Add support for grouped join execution. When both sides of a join have the
same table partitioning and the partitioning is addressable, partial data
can be loaded into memory at a time, making it possible to execute the join
with less peak memory usage. The colocated join feature must be enabled with
the colocated-joins-enabled config property or the colocated_join
session property, and the concurrent_lifespans_per_task session property
must be specified.
Allow connectors to report the amount of physical written data.
Add ability to dynamically scale out the number of writer tasks rather
than allocating a fixed number of tasks. Additional tasks are added when the
the average amount of physical data per writer is above a minimum threshold.
Writer scaling can be enabled with the scale-writers config property or
the scale_writers session property.
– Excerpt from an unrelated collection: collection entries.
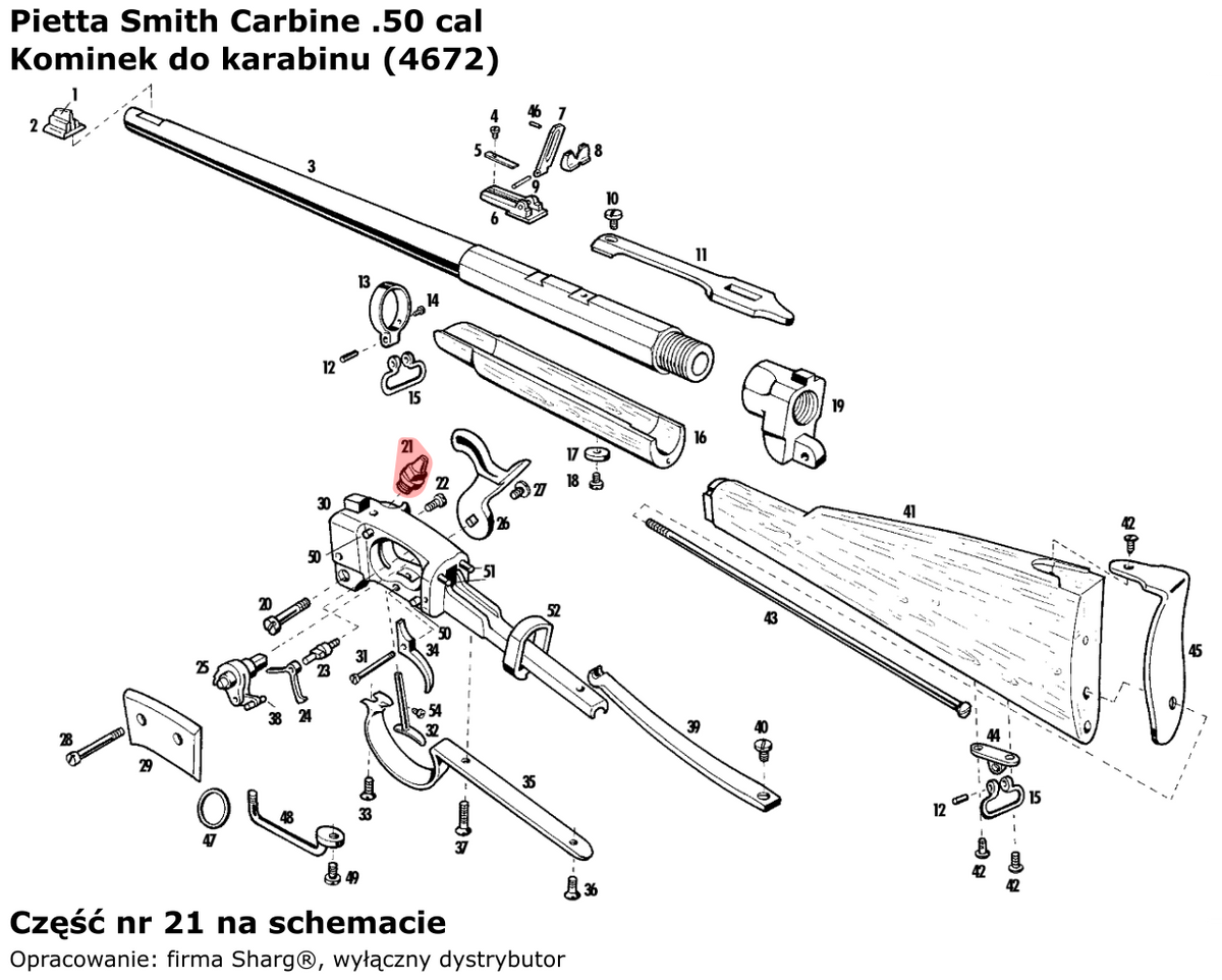 - 4672 (serwis) kominek stalowy włoskiej firmy Pietta do karabinów czarnoprochowych Smith Carbine Cavalry (SMT50) oraz Smith Carbine Artillery (SMTA50). Podczas wymiany zalecane jest nałożenie smaru miedziowego na gwint kominka w celu uniknięcia zapieczeń..
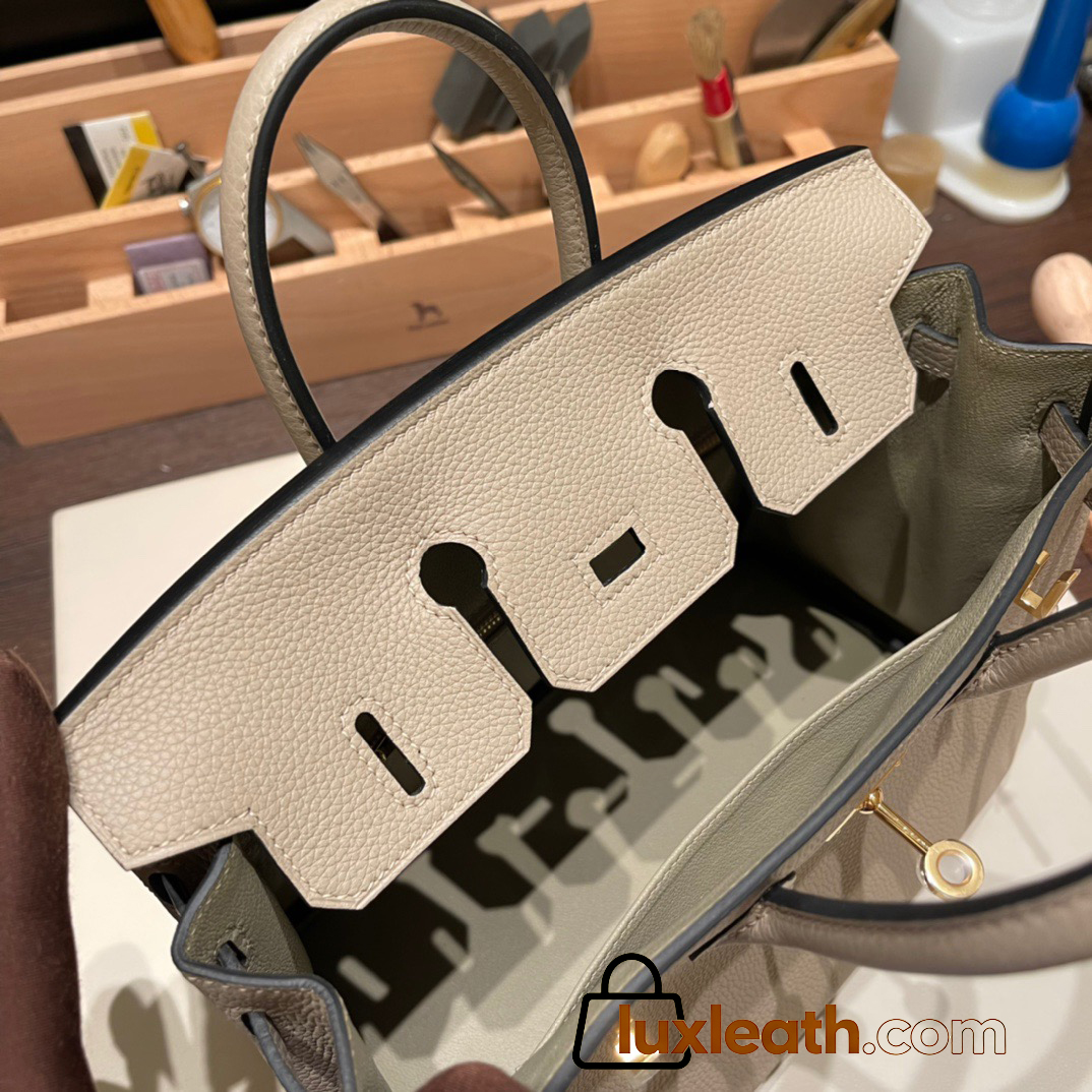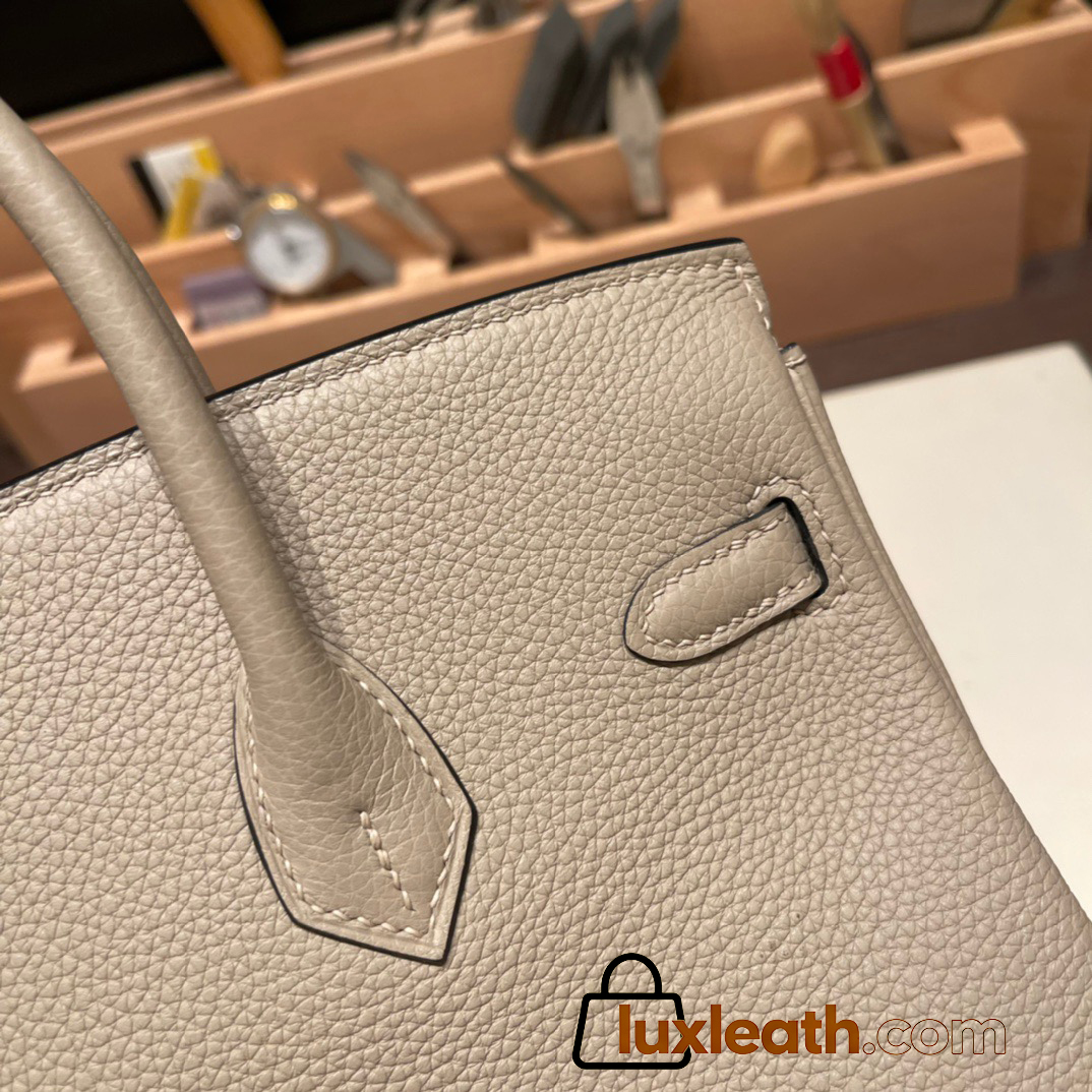 Hermes Birkin 25cm togo 10/ Craie & Étoupe Grey Silver Hardware Full Handmade 145
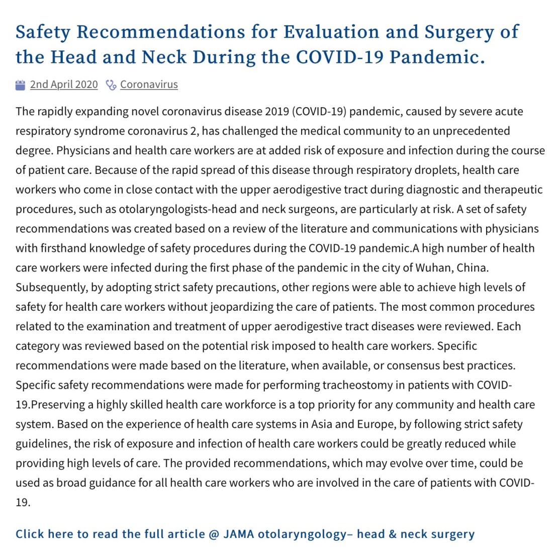 เนื่องจาก ENT ต้องทำงานใน upper aerodigestive tract จากการตระหนักถึงการติดเชื้อใน HCW ของการระบาดในช่วงแรก ( มกราคม 2020) ใน Wuhan จึงทำให้เกิด strict safety precautions ตามมา ในงาน ENT ยกตัวอย่างเช่น การทำ Tracheostomy ในผู้ป่วยที่เป็น C0VID-19 ถือว่าเป็นงานที่มีความเสี่ยงสูงมาก

The minimum size can be set with the
writer-min-size config property or the writer_min_size session property.
The tradeoff for writer scaling is that write queries can take longer to run
due to the decreased writer parallelism while the writer count ramps up.
Add support for grouped join execution for Hive tables when both
sides of a join have the same bucketing property.
Report physical written data for the legacy RCFile writer, optimized RCFile
writer, and optimized ORC writer. These writers thus support writer scaling,
which can both reduce the number of written files and create larger files.
This is especially important for tables that have many small partitions, as
small files can take a disproportionately longer time to read.